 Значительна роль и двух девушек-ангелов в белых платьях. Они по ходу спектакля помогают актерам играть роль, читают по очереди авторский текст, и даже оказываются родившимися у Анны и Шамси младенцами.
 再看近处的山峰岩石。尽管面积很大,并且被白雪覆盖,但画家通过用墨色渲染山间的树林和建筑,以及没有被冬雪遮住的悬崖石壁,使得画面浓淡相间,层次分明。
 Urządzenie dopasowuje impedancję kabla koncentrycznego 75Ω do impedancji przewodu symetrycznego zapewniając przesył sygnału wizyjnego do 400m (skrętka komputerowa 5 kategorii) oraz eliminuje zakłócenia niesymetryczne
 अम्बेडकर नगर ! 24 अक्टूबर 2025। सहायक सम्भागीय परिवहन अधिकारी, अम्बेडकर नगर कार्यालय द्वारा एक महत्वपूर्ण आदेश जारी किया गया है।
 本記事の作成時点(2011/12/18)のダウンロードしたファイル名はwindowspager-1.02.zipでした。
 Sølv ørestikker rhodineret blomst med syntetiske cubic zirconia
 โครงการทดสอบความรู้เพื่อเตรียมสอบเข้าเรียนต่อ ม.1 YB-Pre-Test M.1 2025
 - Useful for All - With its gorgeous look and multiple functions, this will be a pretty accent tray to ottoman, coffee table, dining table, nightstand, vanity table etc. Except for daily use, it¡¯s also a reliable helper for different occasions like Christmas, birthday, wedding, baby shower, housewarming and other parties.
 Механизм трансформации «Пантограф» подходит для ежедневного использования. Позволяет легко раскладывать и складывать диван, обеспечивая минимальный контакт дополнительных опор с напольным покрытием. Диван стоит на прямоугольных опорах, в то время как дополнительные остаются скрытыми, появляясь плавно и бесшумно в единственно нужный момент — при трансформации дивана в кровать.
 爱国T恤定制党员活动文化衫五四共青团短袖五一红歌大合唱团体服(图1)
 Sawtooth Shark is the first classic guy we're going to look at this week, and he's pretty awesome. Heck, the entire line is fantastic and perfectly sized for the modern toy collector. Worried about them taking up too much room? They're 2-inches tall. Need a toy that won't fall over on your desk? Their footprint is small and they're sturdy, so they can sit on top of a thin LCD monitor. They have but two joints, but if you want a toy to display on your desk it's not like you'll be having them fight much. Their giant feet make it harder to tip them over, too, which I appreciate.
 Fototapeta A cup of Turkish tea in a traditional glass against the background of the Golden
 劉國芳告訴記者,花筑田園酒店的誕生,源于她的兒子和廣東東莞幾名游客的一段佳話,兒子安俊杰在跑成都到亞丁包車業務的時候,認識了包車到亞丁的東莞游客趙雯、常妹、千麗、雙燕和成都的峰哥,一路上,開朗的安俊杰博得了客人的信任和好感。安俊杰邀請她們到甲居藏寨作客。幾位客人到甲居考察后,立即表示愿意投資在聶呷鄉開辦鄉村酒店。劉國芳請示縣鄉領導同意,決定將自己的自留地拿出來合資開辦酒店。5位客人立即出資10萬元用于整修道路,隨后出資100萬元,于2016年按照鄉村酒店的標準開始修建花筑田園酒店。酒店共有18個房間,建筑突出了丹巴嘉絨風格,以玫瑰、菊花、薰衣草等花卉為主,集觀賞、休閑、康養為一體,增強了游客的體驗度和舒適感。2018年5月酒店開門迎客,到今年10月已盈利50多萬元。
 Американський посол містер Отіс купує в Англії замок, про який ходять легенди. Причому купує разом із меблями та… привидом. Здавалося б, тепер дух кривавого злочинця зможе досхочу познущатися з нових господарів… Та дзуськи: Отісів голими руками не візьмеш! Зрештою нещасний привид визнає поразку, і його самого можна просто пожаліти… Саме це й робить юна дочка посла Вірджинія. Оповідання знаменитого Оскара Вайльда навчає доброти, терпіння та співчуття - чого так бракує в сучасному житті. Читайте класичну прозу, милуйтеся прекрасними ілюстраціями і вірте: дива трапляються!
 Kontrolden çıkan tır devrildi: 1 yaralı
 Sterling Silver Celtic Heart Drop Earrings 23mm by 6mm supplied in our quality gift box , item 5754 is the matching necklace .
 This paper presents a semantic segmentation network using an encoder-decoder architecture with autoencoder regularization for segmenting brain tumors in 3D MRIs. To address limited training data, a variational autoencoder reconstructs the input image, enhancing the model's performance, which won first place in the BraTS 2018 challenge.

» Directions for this task: Copy only the lines in the listing that contain "which".

» Result of this exercise:
 Sawtooth Shark is the first classic guy we're going to look at this week, and he's pretty awesome. Heck, the entire line is fantastic and perfectly sized for the modern toy collector. Worried about them taking up too much room? They're 2-inches tall. Need a toy that won't fall over on your desk? Their footprint is small and they're sturdy, so they can sit on top of a thin LCD monitor. They have but two joints, but if you want a toy to display on your desk it's not like you'll be having them fight much. Their giant feet make it harder to tip them over, too, which I appreciate.
 This paper presents a semantic segmentation network using an encoder-decoder architecture with autoencoder regularization for segmenting brain tumors in 3D MRIs. To address limited training data, a variational autoencoder reconstructs the input image, enhancing the model's performance, which won first place in the BraTS 2018 challenge.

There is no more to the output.